> [PROVIDED DATA]:
__________________________________________________
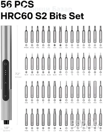 56 накрайника от S2 стомана (HRC60) – идеални за телефони, лаптопи, очила, PS5 и др.
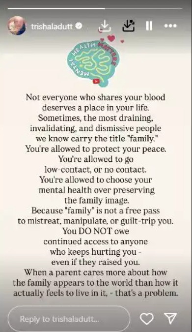 अपनी पोस्ट में त्रिशाला ने लिखा, 'आपके खून के हर रिश्ते को आपकी जिंदगी में जगह नहीं मिलनी चाहिए। कभी-कभी सबसे ज्यादा थका देने वाले लोग जिन्हें हम जानते हैं उन्हें 'परिवार' कहा जाता है। आपको अपनी शांति बनाए रखने की आजादी है। आपको कम कॉन्टैक्ट या बिल्कुल भी कॉन्टैक्ट नहीं रखने की आजादी है। आपको परिवार की इमेज बनाए रखने की बजाय अपने मेंटल हेल्थ को चुनने का अधिकार है'।
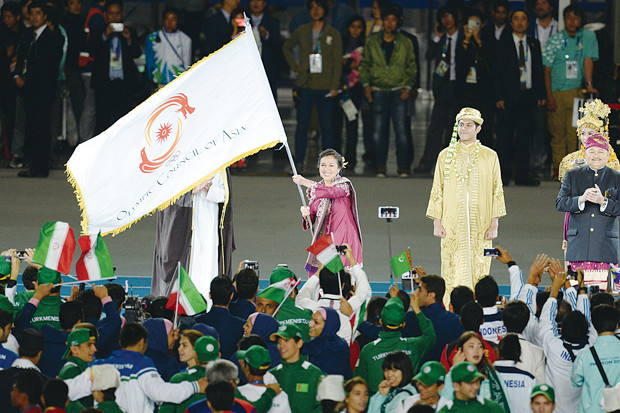 ‘아시아는 이제 인천을 기억할 것입니다.’라는 주제로 4일 오후 인천광역시 서구 인천아시아드 주경기장에서 진행된 ‘2014 인천아시아경기대회’ 폐회식에서 차기 아시안게임 개최지로 선정된 인도네시아 자카르타를 대표해 바수키 짜하야 푸르나마 자카르타 주지사가 대회기를 전달 받은 뒤 흔들고 있다.
__________________________________________________
Only the lines that lie between the start of the listing and the line containing "अपनी पोस्ट में", both included, belong in the answer; write them out exactly and omit pictures.

> [SOLVED EXERCISE]:
 56 накрайника от S2 стомана (HRC60) – идеални за телефони, лаптопи, очила, PS5 и др.
 अपनी पोस्ट में त्रिशाला ने लिखा, 'आपके खून के हर रिश्ते को आपकी जिंदगी में जगह नहीं मिलनी चाहिए। कभी-कभी सबसे ज्यादा थका देने वाले लोग जिन्हें हम जानते हैं उन्हें 'परिवार' कहा जाता है। आपको अपनी शांति बनाए रखने की आजादी है। आपको कम कॉन्टैक्ट या बिल्कुल भी कॉन्टैक्ट नहीं रखने की आजादी है। आपको परिवार की इमेज बनाए रखने की बजाय अपने मेंटल हेल्थ को चुनने का अधिकार है'।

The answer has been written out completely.